Your goal.
The records need to be set down again exactly as they appear.

Items from a data source:
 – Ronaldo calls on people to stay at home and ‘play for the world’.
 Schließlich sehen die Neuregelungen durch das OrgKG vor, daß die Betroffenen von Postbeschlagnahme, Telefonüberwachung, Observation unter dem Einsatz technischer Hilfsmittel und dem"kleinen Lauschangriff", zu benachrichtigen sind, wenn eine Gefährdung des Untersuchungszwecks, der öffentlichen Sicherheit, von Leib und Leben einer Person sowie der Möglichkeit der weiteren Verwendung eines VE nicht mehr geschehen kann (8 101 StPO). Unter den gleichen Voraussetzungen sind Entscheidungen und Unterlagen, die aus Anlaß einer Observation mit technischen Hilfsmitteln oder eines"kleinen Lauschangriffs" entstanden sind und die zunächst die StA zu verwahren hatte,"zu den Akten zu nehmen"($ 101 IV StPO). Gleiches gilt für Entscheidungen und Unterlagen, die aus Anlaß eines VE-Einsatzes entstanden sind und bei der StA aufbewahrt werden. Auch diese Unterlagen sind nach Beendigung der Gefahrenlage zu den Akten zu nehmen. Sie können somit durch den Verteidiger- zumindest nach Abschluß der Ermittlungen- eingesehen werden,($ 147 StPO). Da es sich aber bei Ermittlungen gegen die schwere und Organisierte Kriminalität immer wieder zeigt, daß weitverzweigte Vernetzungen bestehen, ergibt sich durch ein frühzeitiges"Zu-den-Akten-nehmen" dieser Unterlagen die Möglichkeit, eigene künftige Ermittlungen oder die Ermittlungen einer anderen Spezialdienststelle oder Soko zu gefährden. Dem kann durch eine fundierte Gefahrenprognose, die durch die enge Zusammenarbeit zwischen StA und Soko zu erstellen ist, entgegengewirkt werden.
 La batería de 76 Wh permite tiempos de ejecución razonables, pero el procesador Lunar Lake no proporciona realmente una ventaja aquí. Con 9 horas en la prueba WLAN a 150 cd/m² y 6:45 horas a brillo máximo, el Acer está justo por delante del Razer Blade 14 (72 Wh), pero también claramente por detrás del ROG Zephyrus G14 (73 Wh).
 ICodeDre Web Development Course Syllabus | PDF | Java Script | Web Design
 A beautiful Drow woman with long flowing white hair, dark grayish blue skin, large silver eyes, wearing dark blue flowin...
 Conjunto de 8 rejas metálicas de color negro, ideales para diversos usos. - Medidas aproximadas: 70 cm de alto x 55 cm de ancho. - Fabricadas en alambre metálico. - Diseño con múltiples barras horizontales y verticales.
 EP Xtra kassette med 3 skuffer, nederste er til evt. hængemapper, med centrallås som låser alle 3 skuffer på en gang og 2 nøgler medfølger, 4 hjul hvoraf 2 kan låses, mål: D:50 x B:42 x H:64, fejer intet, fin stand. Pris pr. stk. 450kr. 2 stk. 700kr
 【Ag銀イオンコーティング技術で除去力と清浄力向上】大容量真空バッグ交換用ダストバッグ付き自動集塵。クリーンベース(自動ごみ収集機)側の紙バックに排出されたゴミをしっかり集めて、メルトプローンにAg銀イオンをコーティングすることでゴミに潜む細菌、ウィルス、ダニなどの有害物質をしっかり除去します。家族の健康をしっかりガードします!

Exercise response.
 – Ronaldo calls on people to stay at home and ‘play for the world’.
 Schließlich sehen die Neuregelungen durch das OrgKG vor, daß die Betroffenen von Postbeschlagnahme, Telefonüberwachung, Observation unter dem Einsatz technischer Hilfsmittel und dem"kleinen Lauschangriff", zu benachrichtigen sind, wenn eine Gefährdung des Untersuchungszwecks, der öffentlichen Sicherheit, von Leib und Leben einer Person sowie der Möglichkeit der weiteren Verwendung eines VE nicht mehr geschehen kann (8 101 StPO). Unter den gleichen Voraussetzungen sind Entscheidungen und Unterlagen, die aus Anlaß einer Observation mit technischen Hilfsmitteln oder eines"kleinen Lauschangriffs" entstanden sind und die zunächst die StA zu verwahren hatte,"zu den Akten zu nehmen"($ 101 IV StPO). Gleiches gilt für Entscheidungen und Unterlagen, die aus Anlaß eines VE-Einsatzes entstanden sind und bei der StA aufbewahrt werden. Auch diese Unterlagen sind nach Beendigung der Gefahrenlage zu den Akten zu nehmen. Sie können somit durch den Verteidiger- zumindest nach Abschluß der Ermittlungen- eingesehen werden,($ 147 StPO). Da es sich aber bei Ermittlungen gegen die schwere und Organisierte Kriminalität immer wieder zeigt, daß weitverzweigte Vernetzungen bestehen, ergibt sich durch ein frühzeitiges"Zu-den-Akten-nehmen" dieser Unterlagen die Möglichkeit, eigene künftige Ermittlungen oder die Ermittlungen einer anderen Spezialdienststelle oder Soko zu gefährden. Dem kann durch eine fundierte Gefahrenprognose, die durch die enge Zusammenarbeit zwischen StA und Soko zu erstellen ist, entgegengewirkt werden.
 La batería de 76 Wh permite tiempos de ejecución razonables, pero el procesador Lunar Lake no proporciona realmente una ventaja aquí. Con 9 horas en la prueba WLAN a 150 cd/m² y 6:45 horas a brillo máximo, el Acer está justo por delante del Razer Blade 14 (72 Wh), pero también claramente por detrás del ROG Zephyrus G14 (73 Wh).
 ICodeDre Web Development Course Syllabus | PDF | Java Script | Web Design
 A beautiful Drow woman with long flowing white hair, dark grayish blue skin, large silver eyes, wearing dark blue flowin...
 Conjunto de 8 rejas metálicas de color negro, ideales para diversos usos. - Medidas aproximadas: 70 cm de alto x 55 cm de ancho. - Fabricadas en alambre metálico. - Diseño con múltiples barras horizontales y verticales.
 EP Xtra kassette med 3 skuffer, nederste er til evt. hængemapper, med centrallås som låser alle 3 skuffer på en gang og 2 nøgler medfølger, 4 hjul hvoraf 2 kan låses, mål: D:50 x B:42 x H:64, fejer intet, fin stand. Pris pr. stk. 450kr. 2 stk. 700kr
 【Ag銀イオンコーティング技術で除去力と清浄力向上】大容量真空バッグ交換用ダストバッグ付き自動集塵。クリーンベース(自動ごみ収集機)側の紙バックに排出されたゴミをしっかり集めて、メルトプローンにAg銀イオンをコーティングすることでゴミに潜む細菌、ウィルス、ダニなどの有害物質をしっかり除去します。家族の健康をしっかりガードします!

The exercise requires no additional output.